Строже карали лишь за побег.
Но именно станция из всех злачных местечек поселка нас, шантрапу из «спеца», притягивала больше всего. Тут из Москвы и на Москву проходят поезда, оставляя за собой на грязной насыпи огрызки, объедки, бычки, а иной раз что-нибудь и поинтересней. Бесику однажды повезло, он наткнулся на коробочку с изображением Красной площади и Мавзолея Ленина, а изнутри коробочка была как в кружевах, а запах был такой… ну такой, какой никто из нас не унюхивал до сих пор! Так что мы вдыхали, поднося к лицу, целую неделю: по очереди! Голова кружилась!
Но Маше я не стал ничего объяснять. Она все равно не поймет. Мы двинулись к станции, но уже не по улицам поселка, а прямо по путям, тут многие так ходят, чтобы сократить дорогу. Маша легко прыгала через шпалины, я едва за ней поспевал. А потом мы пошли рядом, и я спросил:
– Как ты меня узнала? Среди всех?
Это бы надо было спросить давно, хотя бы там, у речки. Тогда бы не скребло шибко в голове. Но вот я представил, что она уедет, а я так и не узнаю, кто же я на самом деле. И будет меня, хоть ныряй, хоть не ныряй, сверлить эта мысль. Лучше уж отмучиться сразу.

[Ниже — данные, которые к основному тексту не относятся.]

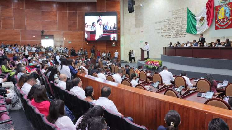 Ante los y las congresistas señaló que en Oaxaca se construye la paz con un gobernante cercano al pueblo, que se guía por valores fundamentales: la democracia, la transparencia y la rendición de cuentas.

Как говорят, спросил – и головой в омут!
Маша не ответила мне. Она молчала и шла. И все молчала. Я решил, что она не услышала моего вопроса, а второй раз уже не захотелось спрашивать.
И вдруг она сказала:
– Знаешь… Сергей… Я тебе и так, кажется, наговорила лишнего, – и сильно при этом вздохнула. И я понял сразу, что она добрая и несчастная. Даже стало ее жалко. Меня вот скребет неделю, и то измочалился, а ее скребет небось сколько лет! – Ведь правда же, – и она опять вздохнула. – Не надо вешать на тебя такие гири.
– Не знаю, – ответил я.
– А я знаю. И приказала себе: «Замолкни!» Так, что ли, выражается ваш директор? «Замолкни» – вот я и замолкла. А ты меня спрашиваешь… Будоражишь…
– Ну, не буду, – буркнул я.
– Почему же ты не будешь? – Она рассердилась. Даже замедлила шаг, уставясь на меня. Вытаращилась так, что я не выдержал, отвернулся. – Я тебе, конечно, отвечу. Ведь речь идет об отце… О твоем, Сергей, отце…
Я молчал, глядя под ноги.
– А узнала я тебя просто… Как же тебя не узнать, господи! Как две капли на него похож!
– На кого?
– Да на отца своего! Я вначале от волнения как следует и рассмотреть тебя не успела. Только знала, что ты – это ты… Как он на фотографиях! В юности!
Фотографии почему-то меня больно царапнули. Может, потому, что я никогда никаких фотографий не имел?
– А он… какой?
Я не сказал «отец». Не могу я произнести это непонятное, совсем чужое слово.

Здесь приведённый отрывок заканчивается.